**Aim of the exercise**
Transcribe all of the data exactly. Omit the pictures.
___ Raw data
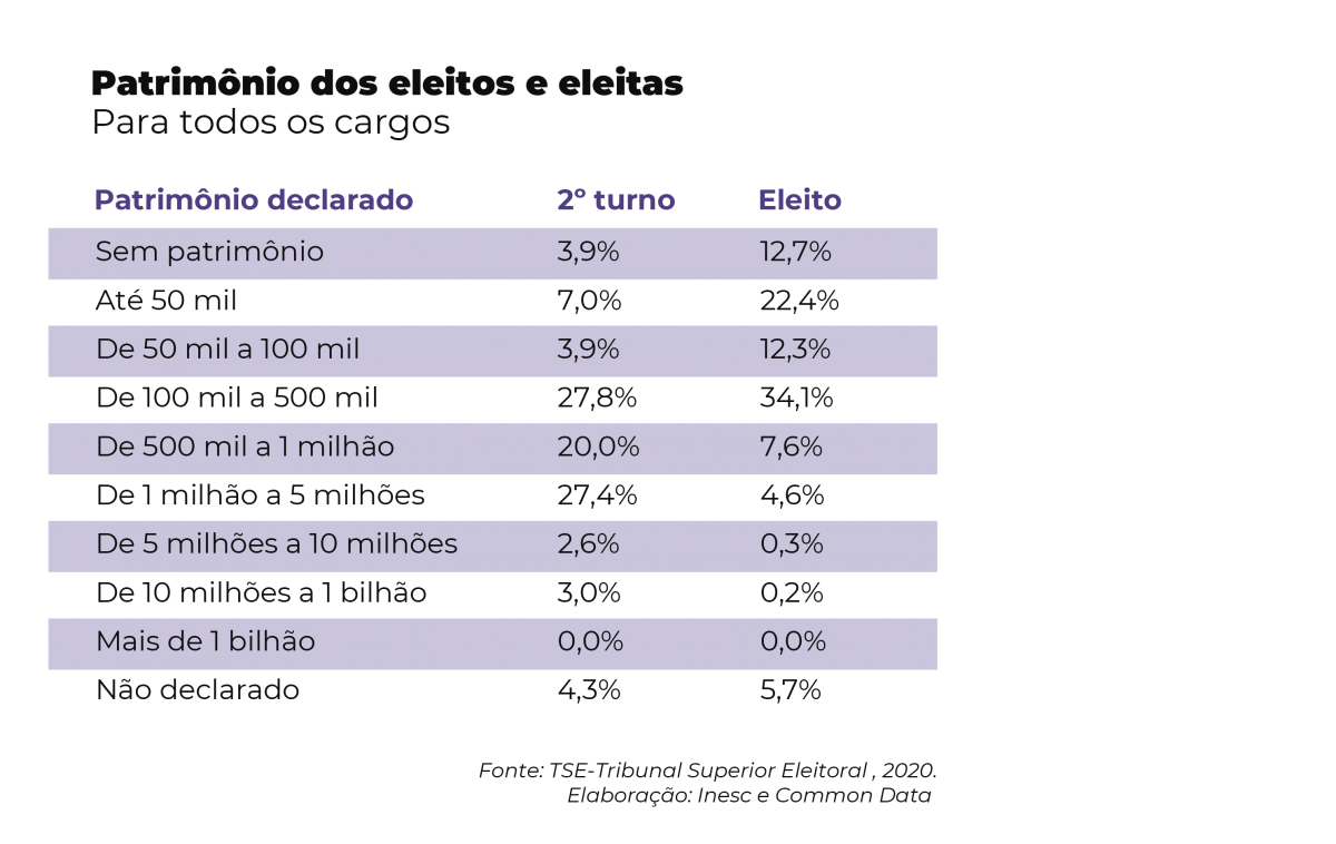 Em relação ao patrimônio, as candidaturas eleitas se concentram mais na faixa de R$ 100 a R$ 500 mil, R$ 1 milhão a R$ 5 milhões, e R$ 500 mil a R$ 1 milhão, respectivamente.
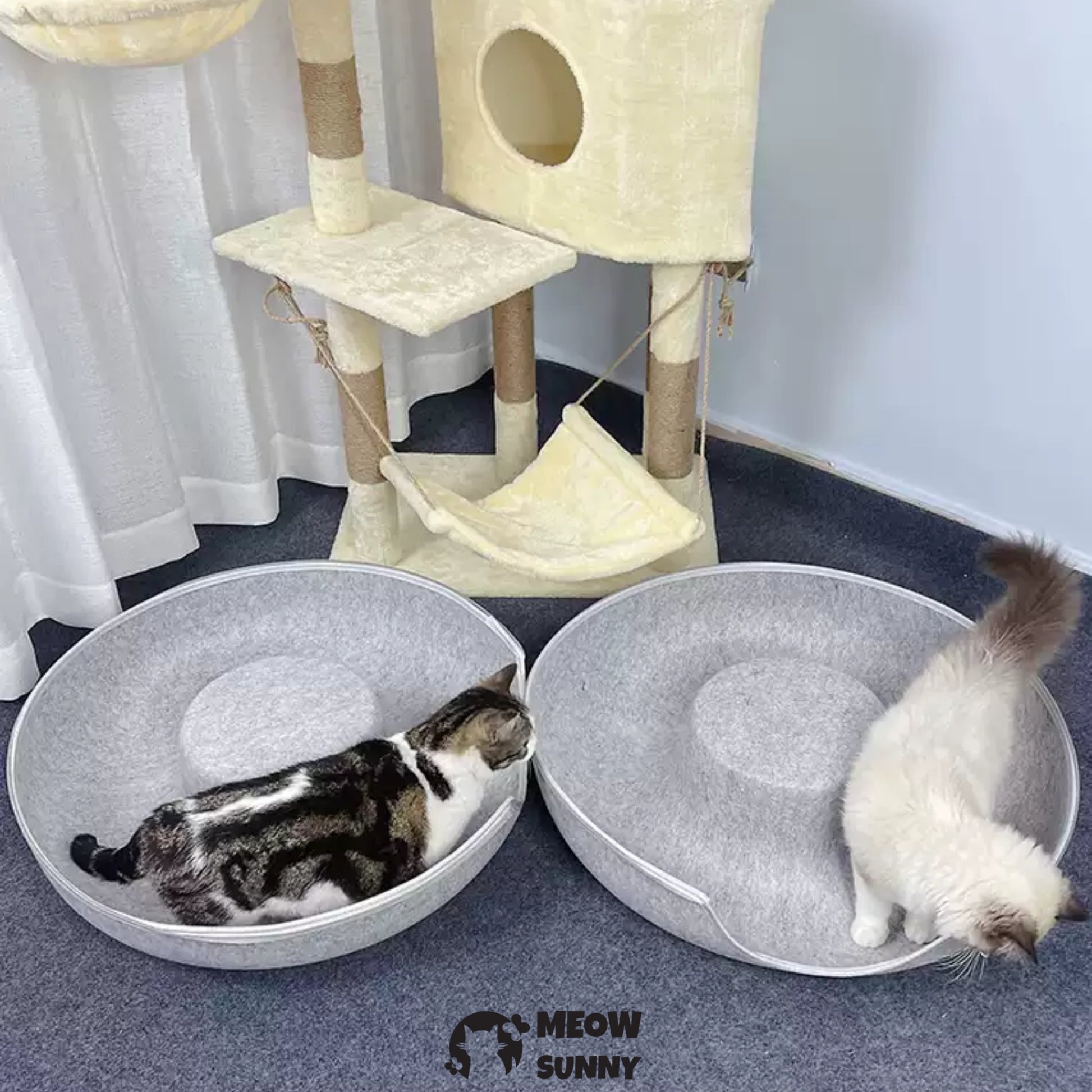 After failing so, so many times to find a place where our cat could feel comfortable when the kids are awake, I finally landed on “the doughnut.” She’s a bigger girl, but even her 14-15 lb frame finds the tunnel cozy and safe. Wish I had landed on this sooner. Cleanabiity/vacuuming could be a little easier but it’s a small price to pay.
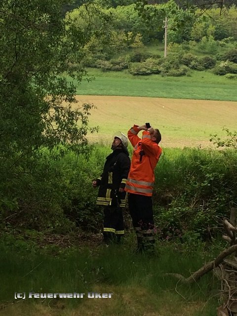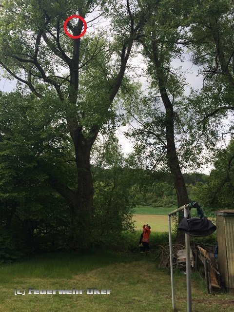 Am Samstagnachmittag hörten Anwohner in der Altdammerstraße jaulende Geräusche aus einem Baum. Hoch im Geäst saß ein Tier, die Anwohner vermuteten eine Katze, scheinbar fest. Da die Feuerwehr Oker, zu dem Zeitpunkt, dabei war ihre jährliche Hydrantenkontrolle durchzuführen wurde der Ortsbrandmeister telefonisch von der Leitstelle über diese Situation in Kentniss gesetzt. Das Löschgruppenfahrzeug 10/6 machte sich auf den Weg zur Einsatzstelle.
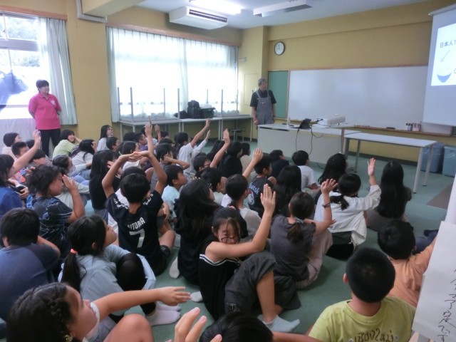 川口谷さんのお話に時折驚きの反応を見せたり、たくさん質問するなど、元気いっぱいの5年生でした。
______
**Solution**
 Em relação ao patrimônio, as candidaturas eleitas se concentram mais na faixa de R$ 100 a R$ 500 mil, R$ 1 milhão a R$ 5 milhões, e R$ 500 mil a R$ 1 milhão, respectivamente.
 After failing so, so many times to find a place where our cat could feel comfortable when the kids are awake, I finally landed on “the doughnut.” She’s a bigger girl, but even her 14-15 lb frame finds the tunnel cozy and safe. Wish I had landed on this sooner. Cleanabiity/vacuuming could be a little easier but it’s a small price to pay.
 Am Samstagnachmittag hörten Anwohner in der Altdammerstraße jaulende Geräusche aus einem Baum. Hoch im Geäst saß ein Tier, die Anwohner vermuteten eine Katze, scheinbar fest. Da die Feuerwehr Oker, zu dem Zeitpunkt, dabei war ihre jährliche Hydrantenkontrolle durchzuführen wurde der Ortsbrandmeister telefonisch von der Leitstelle über diese Situation in Kentniss gesetzt. Das Löschgruppenfahrzeug 10/6 machte sich auf den Weg zur Einsatzstelle.
 川口谷さんのお話に時折驚きの反応を見せたり、たくさん質問するなど、元気いっぱいの5年生でした。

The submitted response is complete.